- [Action item]: Give the number of lines in the records below that include the word "comfort", and add nothing to it.
● ● ●
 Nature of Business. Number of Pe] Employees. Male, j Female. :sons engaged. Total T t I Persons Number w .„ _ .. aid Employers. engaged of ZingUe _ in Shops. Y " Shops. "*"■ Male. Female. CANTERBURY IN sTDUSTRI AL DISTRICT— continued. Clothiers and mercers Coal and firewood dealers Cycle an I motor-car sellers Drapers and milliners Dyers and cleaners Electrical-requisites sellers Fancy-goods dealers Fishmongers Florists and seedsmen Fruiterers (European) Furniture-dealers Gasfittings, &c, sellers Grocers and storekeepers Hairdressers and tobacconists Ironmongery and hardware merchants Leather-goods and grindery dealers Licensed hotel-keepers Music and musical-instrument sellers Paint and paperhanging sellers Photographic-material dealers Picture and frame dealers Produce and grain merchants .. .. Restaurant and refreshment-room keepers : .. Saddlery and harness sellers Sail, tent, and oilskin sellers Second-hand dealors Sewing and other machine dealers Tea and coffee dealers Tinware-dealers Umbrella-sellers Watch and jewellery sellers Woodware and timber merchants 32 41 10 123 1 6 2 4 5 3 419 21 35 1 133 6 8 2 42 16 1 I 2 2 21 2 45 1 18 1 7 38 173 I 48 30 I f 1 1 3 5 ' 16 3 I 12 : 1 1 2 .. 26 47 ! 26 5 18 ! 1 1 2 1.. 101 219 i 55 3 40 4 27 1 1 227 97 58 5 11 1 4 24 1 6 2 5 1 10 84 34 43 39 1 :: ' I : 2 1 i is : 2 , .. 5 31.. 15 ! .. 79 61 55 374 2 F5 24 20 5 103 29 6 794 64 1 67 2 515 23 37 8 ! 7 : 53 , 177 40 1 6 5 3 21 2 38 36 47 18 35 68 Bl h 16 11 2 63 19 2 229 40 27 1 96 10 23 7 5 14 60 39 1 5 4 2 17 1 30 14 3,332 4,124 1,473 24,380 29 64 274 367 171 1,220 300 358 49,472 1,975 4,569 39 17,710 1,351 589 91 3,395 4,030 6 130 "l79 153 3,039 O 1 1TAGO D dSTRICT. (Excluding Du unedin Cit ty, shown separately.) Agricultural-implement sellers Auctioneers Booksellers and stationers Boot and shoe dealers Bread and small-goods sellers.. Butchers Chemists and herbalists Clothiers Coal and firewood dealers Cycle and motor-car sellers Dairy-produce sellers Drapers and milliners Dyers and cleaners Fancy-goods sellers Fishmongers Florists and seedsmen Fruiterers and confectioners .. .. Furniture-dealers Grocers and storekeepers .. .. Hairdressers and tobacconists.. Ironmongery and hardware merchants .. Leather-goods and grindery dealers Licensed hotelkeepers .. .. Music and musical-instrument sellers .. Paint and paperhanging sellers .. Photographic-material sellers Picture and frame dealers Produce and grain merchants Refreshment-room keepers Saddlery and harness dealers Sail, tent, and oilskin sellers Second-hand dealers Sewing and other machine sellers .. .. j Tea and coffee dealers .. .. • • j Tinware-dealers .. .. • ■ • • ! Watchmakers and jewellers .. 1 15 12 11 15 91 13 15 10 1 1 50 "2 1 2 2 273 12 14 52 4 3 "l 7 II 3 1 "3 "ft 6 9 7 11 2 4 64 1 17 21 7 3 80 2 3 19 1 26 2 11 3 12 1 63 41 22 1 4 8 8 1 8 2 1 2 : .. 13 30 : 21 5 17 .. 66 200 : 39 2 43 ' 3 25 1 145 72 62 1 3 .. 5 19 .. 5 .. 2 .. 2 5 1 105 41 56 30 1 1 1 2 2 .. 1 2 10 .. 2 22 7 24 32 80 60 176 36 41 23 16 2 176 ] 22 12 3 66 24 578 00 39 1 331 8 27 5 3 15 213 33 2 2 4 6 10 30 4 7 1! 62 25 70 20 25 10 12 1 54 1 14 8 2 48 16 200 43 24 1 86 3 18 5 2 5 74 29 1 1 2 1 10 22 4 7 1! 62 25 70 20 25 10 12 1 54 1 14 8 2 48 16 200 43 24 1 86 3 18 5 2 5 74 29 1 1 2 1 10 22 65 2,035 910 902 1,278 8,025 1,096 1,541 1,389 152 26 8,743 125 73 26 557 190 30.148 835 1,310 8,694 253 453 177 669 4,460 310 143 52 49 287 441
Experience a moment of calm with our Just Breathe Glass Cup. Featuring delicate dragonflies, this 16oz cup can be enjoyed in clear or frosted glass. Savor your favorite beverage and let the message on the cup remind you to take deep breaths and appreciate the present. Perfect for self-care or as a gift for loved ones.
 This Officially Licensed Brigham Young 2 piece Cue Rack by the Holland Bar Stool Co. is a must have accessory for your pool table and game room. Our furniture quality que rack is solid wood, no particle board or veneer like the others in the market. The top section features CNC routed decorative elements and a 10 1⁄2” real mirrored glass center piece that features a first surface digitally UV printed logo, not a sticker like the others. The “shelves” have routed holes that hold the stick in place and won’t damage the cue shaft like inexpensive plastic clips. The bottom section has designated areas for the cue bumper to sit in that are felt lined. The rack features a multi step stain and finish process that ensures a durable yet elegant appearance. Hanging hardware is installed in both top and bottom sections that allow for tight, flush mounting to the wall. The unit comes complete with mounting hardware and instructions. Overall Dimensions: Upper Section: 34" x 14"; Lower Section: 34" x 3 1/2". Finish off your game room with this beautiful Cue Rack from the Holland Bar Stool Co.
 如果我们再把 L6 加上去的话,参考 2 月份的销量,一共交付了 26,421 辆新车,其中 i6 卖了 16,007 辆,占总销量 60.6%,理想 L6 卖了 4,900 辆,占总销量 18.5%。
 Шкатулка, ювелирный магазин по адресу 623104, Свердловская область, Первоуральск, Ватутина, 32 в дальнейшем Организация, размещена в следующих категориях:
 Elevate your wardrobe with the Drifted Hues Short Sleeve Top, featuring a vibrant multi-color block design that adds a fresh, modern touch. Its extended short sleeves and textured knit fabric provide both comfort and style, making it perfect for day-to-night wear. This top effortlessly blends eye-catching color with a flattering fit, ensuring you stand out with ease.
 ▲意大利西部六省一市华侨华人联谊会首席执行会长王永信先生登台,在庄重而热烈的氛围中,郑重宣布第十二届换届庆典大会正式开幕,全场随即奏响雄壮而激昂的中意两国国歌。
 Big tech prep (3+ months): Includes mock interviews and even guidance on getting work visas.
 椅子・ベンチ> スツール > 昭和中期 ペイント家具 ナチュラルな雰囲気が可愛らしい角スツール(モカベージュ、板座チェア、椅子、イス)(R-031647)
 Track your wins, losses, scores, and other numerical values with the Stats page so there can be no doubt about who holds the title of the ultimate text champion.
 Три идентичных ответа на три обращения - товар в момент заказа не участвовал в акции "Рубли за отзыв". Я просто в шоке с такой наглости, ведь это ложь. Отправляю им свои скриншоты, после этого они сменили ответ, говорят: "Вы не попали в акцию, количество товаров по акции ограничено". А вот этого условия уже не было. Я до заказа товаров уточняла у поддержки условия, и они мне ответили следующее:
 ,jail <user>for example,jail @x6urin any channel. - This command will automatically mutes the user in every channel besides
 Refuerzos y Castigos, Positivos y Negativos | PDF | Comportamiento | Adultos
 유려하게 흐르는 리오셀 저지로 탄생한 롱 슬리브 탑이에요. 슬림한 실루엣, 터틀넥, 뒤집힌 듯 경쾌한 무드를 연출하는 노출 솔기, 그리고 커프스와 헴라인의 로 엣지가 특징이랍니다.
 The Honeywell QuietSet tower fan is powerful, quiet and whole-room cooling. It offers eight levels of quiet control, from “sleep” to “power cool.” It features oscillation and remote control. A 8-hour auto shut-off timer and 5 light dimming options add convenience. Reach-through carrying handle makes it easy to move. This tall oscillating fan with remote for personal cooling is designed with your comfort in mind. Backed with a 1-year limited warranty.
● ● ●
- [Output of the exercise]: 2